In this notebook you will construct a graph from answers and users datasets and use GraphFrames library to run some algorithms on it.

In [None]:
from pyspark.sql import SparkSession
from pyspark.sql.functions import col, desc, count, greatest, least

import os
from IPython.display import Image

In [None]:
spark = (
    SparkSession
    .builder
    .appName('Graph processing I')
    .config("spark.jars.packages", "graphframes:graphframes:0.8.4-spark3.5-s_2.12")
    .getOrCreate()
)

In [None]:
from graphframes import *

In [None]:
base_path = os.getcwd()

project_path = ('/').join(base_path.split('/')[0:-3]) 

answers_input_path = os.path.join(project_path, 'data/answers')

users_input_path = os.path.join(project_path, 'data/users')

image_path = os.path.join(project_path, 'data/images/graphframes.png')

# Task

Create a graph from users and answers. The users will be represented as nodes in the graph and two users will be connected by edge if they answered the same question (see the image bellow).

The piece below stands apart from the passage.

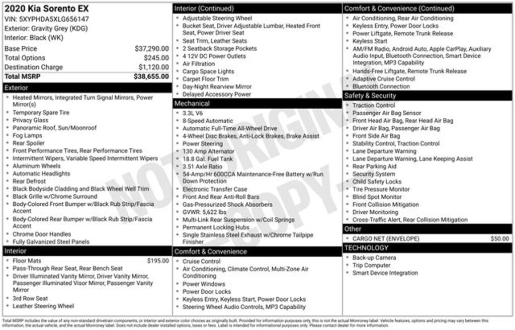 Discover the perfect blend of style, performance, and versatility in this 2020 Kia Sorento EX. This stunning SUV boasts a sleek gray exterior and a powerful V6 engine paired with an 8-speed automatic transmission and all-wheel drive, delivering an exceptional driving experience.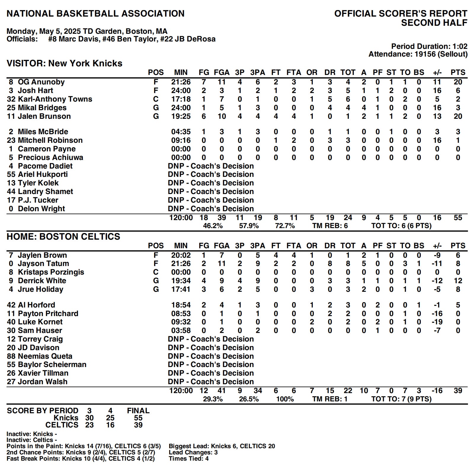 Essentially, they failed in all 3 areas, so it's no surprise that the result was a disastrous loss. You can survive one, maybe 2 of those issues with this version of the Celts. But when they hit all 3? They don't win. Period. A total of 37 points off self-inflicted wounds, the worst part was of course, the timing of these issues. When the game was tight and it came time to execute, the Celts struggled in all 3 of these areas, especially the defensive rebounding. You KNOW Josh Hart is going to crash the glass, yet nobody put a body on him all night (5 OREB). Why is this important? Because it led to extra possessions, which led to Knicks buckets in huge moments

On the Graph run the following algorithms:
* [Label Propagation](https://en.wikipedia.org/wiki/Label_propagation_algorithm) to find some communities / clusters of users
* [PageRank](https://en.wikipedia.org/wiki/PageRank) to find important nodes in the graph 

Note
* consider taking only [sample](https://spark.apache.org/docs/latest/api/python/reference/pyspark.sql/api/pyspark.sql.DataFrame.sampleBy.html#pyspark.sql.DataFrame.sampleBy) of answers to reduce the size of the graph if you run in local mode
* also check the user guide for [GrahpFrames](https://graphframes.github.io/graphframes/docs/_site/user-guide.html)

In [None]:
Image(image_path, width=480)

#### Read the data:

In [None]:
# your code here:

# answers is the main dataset used for the graph

# we will also need users for metadata:

#### Create vertices:

Hint:
* select user_id
* deduplicate
* rename the col to id
* you may keep additional cols as metadata (joined from users)

In [None]:
# your code here:


#### Create edges:

Hint:
* do self-join of answers on `question_id` column
* filter out records where user_id from left side is the same as from right side
* rename `user_id` cols as `src` / `dst`

Example:
* when we do a self-join of the following data (one question answered by two users `a` and `b`):\
question_id  user_id \
1 &nbsp;&nbsp;&nbsp;&nbsp;a\
1 &nbsp;&nbsp;&nbsp;&nbsp;b
* we will get: \
a &nbsp;&nbsp; 1 &nbsp;&nbsp;a \
a &nbsp;&nbsp; 1 &nbsp;&nbsp;b \
b &nbsp;&nbsp; 1 &nbsp;&nbsp;a \
b &nbsp;&nbsp; 1 &nbsp;&nbsp;b
* we need to remove where the node is joined with itself, `a-1-a` and `b-1-b`
* we also need to remove the duplicated rows created by the join: `a-1-b` is the same as `b-1-a`
    * these functions will be helpful:
        * [greatest](https://spark.apache.org/docs/latest/api/python/reference/pyspark.sql/api/pyspark.sql.functions.greatest.html#pyspark.sql.functions.greatest)
        * [least](https://spark.apache.org/docs/latest/api/python/reference/pyspark.sql/api/pyspark.sql.functions.least.html#pyspark.sql.functions.least)

In [None]:
# your code here:


#### Create the graph:

Hint:
* use GraphFrame(vertices, edges) 

In [None]:
# your code here:


#### See some properties of the graph:

Hint:
* count number of edges
* count number of vertices

In [None]:
# your code here:


#### Find frequent edges

Hint:
* group by edge (edge is defined by two cols: `src`, `dst`) and count how many times the edge is in the graph
* order by the count in descending order

In [None]:
# your code here:


#### Find communities

Hint:
* use [labelPropagation](https://graphframes.github.io/graphframes/docs/_site/api/python/graphframes.html#graphframes.GraphFrame.labelPropagation)
* see how many users are in each community
 * group by `label` and count
* see what users are in a given community
 * filter on `label` col

In [None]:
# your code here:


In [None]:
# your code here:


In [None]:
# your code here:


#### Compute PageRank

* use [pageRank](https://graphframes.github.io/graphframes/docs/_site/api/python/graphframes.html#graphframes.GraphFrame.pageRank) method
* order the vertices by pagerank

In [None]:
# your code here:


In [None]:
# your code here:


In [None]:
spark.stop()